### ABOUT THIS TASK
Do not include the pictures; repeat the rest of the data exactly.

Stored data
┄┄┄┄┄┄┄┄┄┄┄┄┄┄┄┄┄┄┄┄

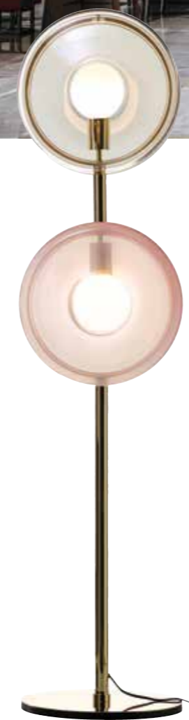
HELLAUF BEGEISTERT. Stehleuchte Orbital von BOMMA in Pink, Weiß und Gold, P. a. A.
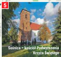
Sośnica - kościół Podwyższenia Krzyża Świętego
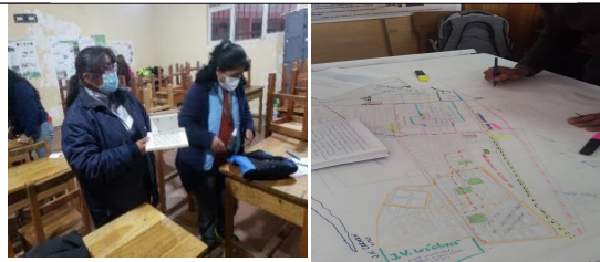
Taller de codiseño urbano
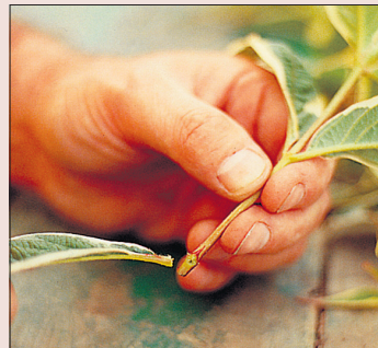
Eemaldage alumine lehepaar ja tehke lõige 5 mm sõlme alt.
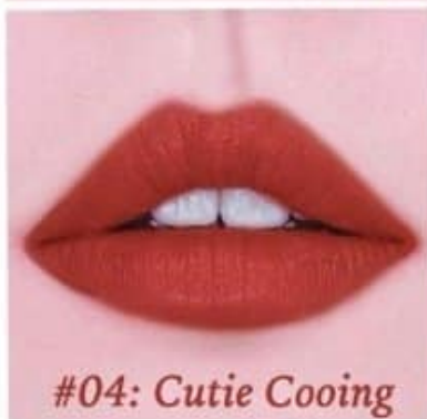
#04: Cutie Cooing

┄┄┄┄┄┄┄┄┄┄┄┄┄┄┄┄┄┄┄┄

### OUTPUT
HELLAUF BEGEISTERT. Stehleuchte Orbital von BOMMA in Pink, Weiß und Gold, P. a. A.
Sośnica - kościół Podwyższenia Krzyża Świętego
Taller de codiseño urbano
Eemaldage alumine lehepaar ja tehke lõige 5 mm sõlme alt.
#04: Cutie Cooing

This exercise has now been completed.